Let me figure out how to use a computer.
Sorry about this.
There we go; it's because
I've not woken up.
Last year I worked at Linaro in the
Enterprise group and we performed analysis
on so called 'Big Data' application sets.
As many of you know quite a lot of these
big data applications are written in Java.
I'm from ARM and we were very interested
in 64bit ARM support.
So this is mainly AArch64 examples
for things like assembler
but most of the messages are
pertinent for any architecture.
These good bits are shared between
most if not all the architectures.
Whilst trying to optimise a lot of
these big data applications
I stumbled a across quite a few things in
the JVM and I thought
'actually that's really clever;
that's really cool'
So I thought that would make a good
basis for an interesting talk.
This talk is essentially some of the
clever things I found in the
Java Virtual Machine; these
optimisations are in OpenJDK.
Source is available it's all there,
readily available and in play now.
I'm going to finish with some of the
optimisation work we did with Java.
People who know me will know
I'm not a Java zealot.
I don't particularly believe in
programming in a language over another one
So to make it clear from the outset
I'm not attempting to convert
anyone to Java programmers.
I'm just going to highlight a few salient
things in the Java Virtual Machine
which I found to be quite clever and
interesting
and I'll try and talk through them
with my understanding of them.
Let's jump straight in and let's
start with an example.
This is a minimal example for
computing a SHA1 sum of a file.
I've omitted some of the checking in the
beginning of the function see when
command line parsing and that sort of
thing.
I've highlighted the salient
points in red.
Essentially we instantiate a SHA1
crypto message service digest.
And we do the equivalent in
Java of an mmap.
Get it all in memory.
And then we just put this status straight
into the crypto engine.
And eventually at the end of the
program we'll spit out the SHA1 hash.
It's a very simple program.
It's basically mmap, SHA1, output
the hash afterwards.
In order to concentrate on the CPU
aspect rather than worry about IO
I decided to cheat a little bit by
setting this up.
I decided to use a sparse file. As many of
you know a sparse file is a file that not
all the contents are stored necessarily
on disc. The assumption is that the bits
that aren't stored are zero. For instance
on Linux you can create a 20TB sparse file
on a 10MB file system and use it as
normal.
Just don't write too much to it otherwise
you're going to run out of space.
The idea behind using a sparse file is I'm
just focusing on the computational aspects
of the SHA1 sum. I'm not worried about
the file system or anything like that.
I don't want to worry about the IO. I
just want to focus on the actual compute.
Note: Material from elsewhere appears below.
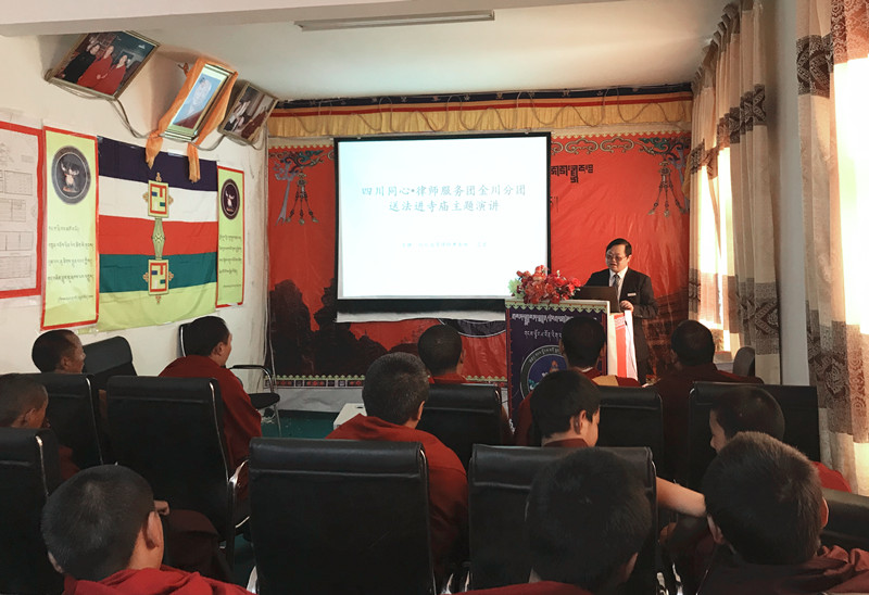 根据眉山市2019年度第一次四川同心律师法律服务团金川分团分工安排,4月17日,我所执行主任吕勇在金川县寺庙为全体僧侣们开展《送法进寺庙》专题讲座。

In order to set up a sparse file I used
the following runes.
The important point is that you seek
and the other important point
is you set a count otherwise you'll
fill your disc up.
I decided to run this against firstly
let's get the native SHA1 sum command
that's built into Linux and let's
normalise these results and say that's 1.0
I used an older version of the OpenJDK
and ran the Java program
and that's 1.09 times slower than the
reference command. That's quite good.
Then I used the new OpenJDK, this is now
the current JDK as this is a year on.
And 0.21 taken. It's significantly faster.
I've stressed that I've done nothing
surreptitious in the Java program.
It is mmap, compute, spit result out.
But the OpenJDK has essentially got
some more context information.
I'll talk about that as we go through.
Before when I started Java I had a very
simplistic view of Java.
Traditionally Java is taught as a virtual
machine that runs bytecode.
Now when you compile a Java program it
compiles into bytecode.
The older versions of the Java Virtual
Machine would interpret this bytecode
and then run through. Newer versions
would employ a just-in-time engine
and try and compile this bytecode
into native machine code.
That is not the only thing that goes on
when you run a Java program.
There is some extra optimisations as well.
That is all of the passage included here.